Questions about Relationships, the Data Model and Data Sources
These are some of the questions we've heard related to data modelling and relationships in Tableau. If you have a question that isn't in this list, please share it with us by clicking the blue Send feedback icon in the bottom right corner of this Help page, (click Yes or No, add your question in the Comment field, and then click Send).
Relationships
Is a relationship just a different name for a join?
Relationships are a dynamic, flexible way to combine data from multiple tables for analysis. A relationship describes how two independent, logical tables relate to each other, but does not merge the tables together (What is a logical table?). When a relationship is created between tables, the tables remain separate (normalised), maintaining their native level of detail and domains. You can use relationships to create multi-fact data models.
You can’t set a join type for relationships. Relationships defer joins to the time and context of analysis. Tableau automatically selects what join types should be used based on the current fields in use in the viz. During analysis, Tableau adjusts join types intelligently and preserves the native level of detail in your data. You can see aggregations at the level of detail of the fields in your viz rather than having to think about the underlying joins.
Relationships can be many-to-many and support full outer joins. You don't need to use LOD expressions such as FIXED to deduplicate data in related tables.

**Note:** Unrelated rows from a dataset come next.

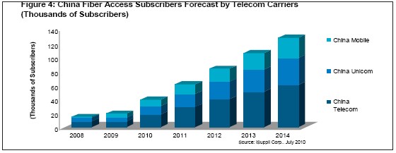 圖4所示國(guó)iSuppli公司對(duì)于2008-2014年各家運(yùn)營(yíng)商的光纖接入用戶數(shù)量預(yù)測(cè)。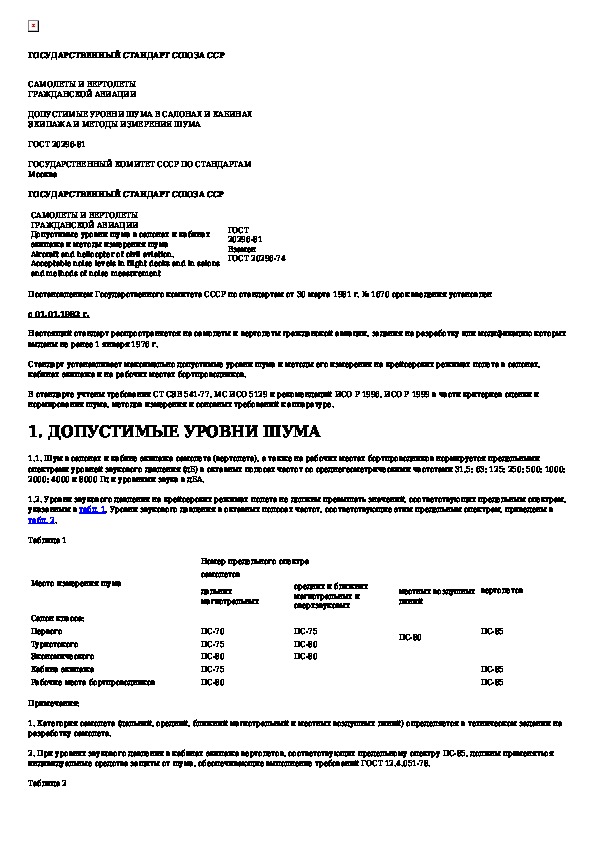 ГОСТ 20296-81: Самолеты и вертолеты гражданской авиации. Допустимые уровни шума в салонах и кабинах экипажа и методы измерения шума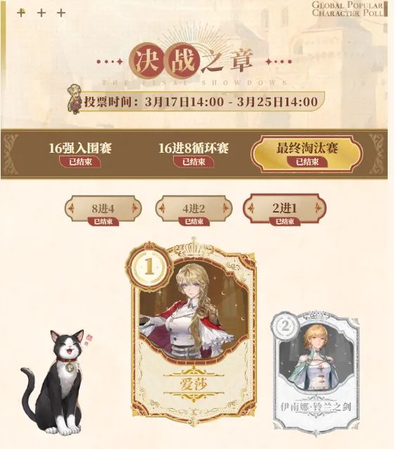 此次人气投票不仅展现了《铃兰之剑》角色塑造的多元魅力,更体现了全球玩家对游戏的热爱与支持。爱莎的爆冷夺冠,也让这一角色收获了更高的关注度,后续官方将推出的冠军专属内容,也成为众多玩家期待的后续更新重点。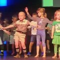 Pendant une kermesse de fin d'année, un petit garçon chante une chanson avec ses camarades de classe ! Il met du coeur à l'ouvrage et il fait même une petite chorégraphie ! Mignon !

Learn more: For related information on combining data using relationships, also see these topics and blog posts:
- Relate Your Data
- The Tableau Data Model
- How Relationships Differ from Joins
- Use Relationships for Multi-table Data Analysis
- Don’t Be Scared of Relationships
- Relationships, part 1: Introducing new data modelling in Tableau(Link opens in a new window)
- Relationships, part 2: Tips and tricks(Link opens in a new window)
- Relationships, part 3: Asking questions across multiple related tables(Link opens in a new window)
Also see video podcasts on relationships from Action Analytics(Link opens in a new window), such as Why did Tableau Invent Relationships?(Link opens in a new window) Click "Video Podcast" in the Library(Link opens in a new window) to see more.
Can I use joins between logical tables?
You must use relationships between logical tables. You can only use joins between physical tables contained in a logical table. Double-click a logical table to open it.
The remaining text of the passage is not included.